On the field, several of the RTAF personnel working on the down-checked F-5 had stopped and were staring into the night. The rotor noise was much louder now.

A dazzling beam of light stabbed out of the sky, casting an oval circle of illumination across the tarmac. Lin could just barely make out the dark mass of the helicopter behind the searchlight as it drifted down out of the night. Behind it a second helo approached… and a third. As they moved into the illumination cast by the work-lights on the field, their hulls became more distinct… the familiar shapes of UHI Hueys, RTAF rounders prominent on their tails. Several air force men began walking toward the first helo to help secure it, stooping as they moved to avoid being caught by the rotors.

The lead Huey's cargo bay hatch slid back. Soldiers began piling out.

Gunfire stuttered from a pintel-mounted machine gun, the muzzle flash a jagged flicker in the darkness. The air force men began dropping, mowed down by the sweep of an invisible blade. Small-arms fire was added to the machine gun's chatter. Someone screamed.

More helicopters were touching down all over the base, their cargo doors sliding open, troops jumping out. Overhead, the first escorting MiG shrieked low across the airfield. There was a sudden flash, then the dull whump of an explosion. Flame boiled into the sky, illuminating the field as a dozen Thais scattered in every direction. The F-5 burned furiously.

Lin turned when he heard the pounding of boots coming up the control tower steps. "Lieutenant!" a shaky voice screamed in That. "Lieutenant!

It's an attack!"

The soldier stumbled through the door and into the tower chamber. He saw the bodies on the floor and gaped. Lin's burst of fire caught him an instant later, slamming him backward into a wall in a splatter of blood.

More explosions thumped in the night, these from the direction of the barracks. Already, the volume of fire was dwindling. The attack had been so sudden, so unexpected, that only the handful of soldiers actually on guard had been able to respond, and those few had been quickly overwhelmed.

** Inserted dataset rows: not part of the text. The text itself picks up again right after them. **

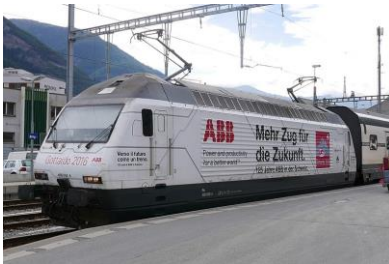
ABB is one of the world's leading engineering companies and is a global leader in power and automation technologies. Based in Zurich, Switzerland, the company employs 150,000 people and operates in 100 countries.

Although its current incarnation began in 1988, the company's history encompasses more than 120 years of innovation and technological leadership.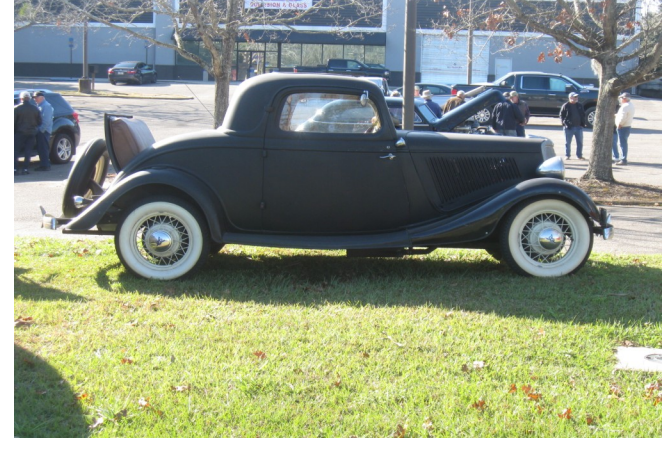
Neal Davis' 1934 Ford Coupe at C+C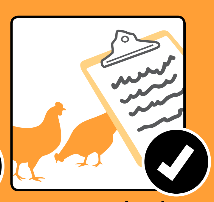
Monitor bird health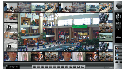
64 HD-NDVR Software / CMS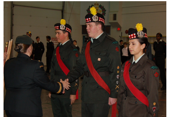
Promoted to Master Warrant Officers

Cadets in the 676 collected a total of 272 lbs of non perishable food in the 2011 Christmas food drive. All the food collected was donated to the Georgetown Bread Basket, a food bank for Georgetown residents located at 55 Sinclair Ave. The food drive was organized as a competition between the 4 platoons and the senior cadets. 2 Platoon collect the most food at 74 pounds. As the winner, 2 platoon will be excused from cleanup duties on parade nights until after March break. Thank you to all the families that participated in this years food drive.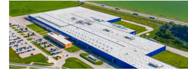
HÖRMANN Legnica, Polen, Loading technology, box frame doors, garage doors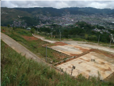
Open space overlooking La Trinidad, Benguet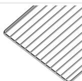
Stainless wire shelving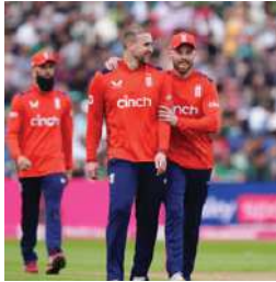
England's Liam Livingstone (left) with Phil Salt (right)

LIAM Livingstone says England are ready to peak at the perfect moment after a rollercoaster ride to the semi-finals of the T20 World Cup.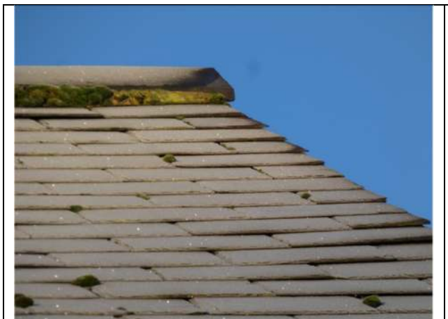
Photograph 5. Further example of the roof slates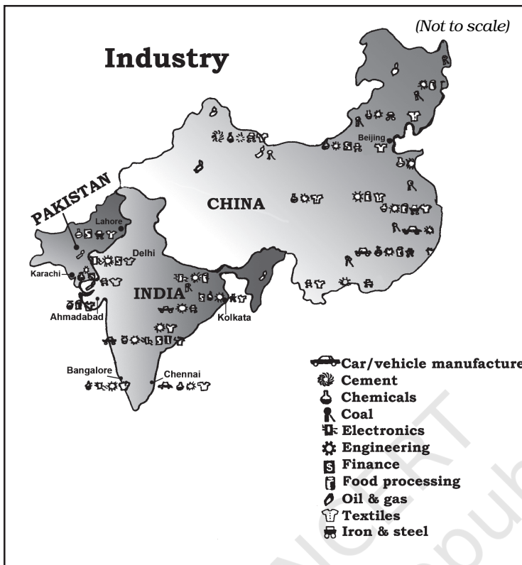
Fig. 10.3 Industry in India, China and Pakistan.

due to topographic and climatic conditions, the area suitable for cultivation is relatively small — only about 10 per cent of its total land area. The total cultivable area in China accounts for 40 per cent of the cultivable area in India. Until the 1980s, more than 80 per cent of the people in China were dependent on farming as their sole source of livelihood. Since then, the government encouraged people to leave their fields and pursue other activities such as handicrafts, commerce and transport. In 2013, with 28 per cent of its workforce engaged in agriculture, its contribution to GDP in China is 9 per cent (see Table 10.3).

The alert phone continued to buzz.

"Victory!" a new voice called from the door. "Victory!"

"Arrow!" Lin replied, giving his code name as countersign. He stood up as a trio of soldiers cautiously entered the control tower room. The leader wore the green uniform and collar device of a Burmese army lieutenant. The two soldiers were more raggedly clad in a mix of uniforms. Drug army conscripts, Lin decided. One held an AK-47, the other an American M-16.

The officer smiled. "Major Lin?"

"I am Lin." He lowered his Uzi. "Welcome!"

The lieutenant turned away. "Do it."

Both soldiers opened fire at the same time, the bullets punching through Lin's body, sending him sprawling back across the tower radar console.

Lieutenant Bhan Sun had carried out his orders. There'd been a grave risk that the Thais might learn just how thoroughly their military was penetrated by Hsiao's people.

That could not be allowed to happen. He made certain that Lin was dead before leaving the tower. Outside, the last of the That soldiers and airmen were being rounded up and shot.

There would be no enemy witnesses to what had happened at U Feng.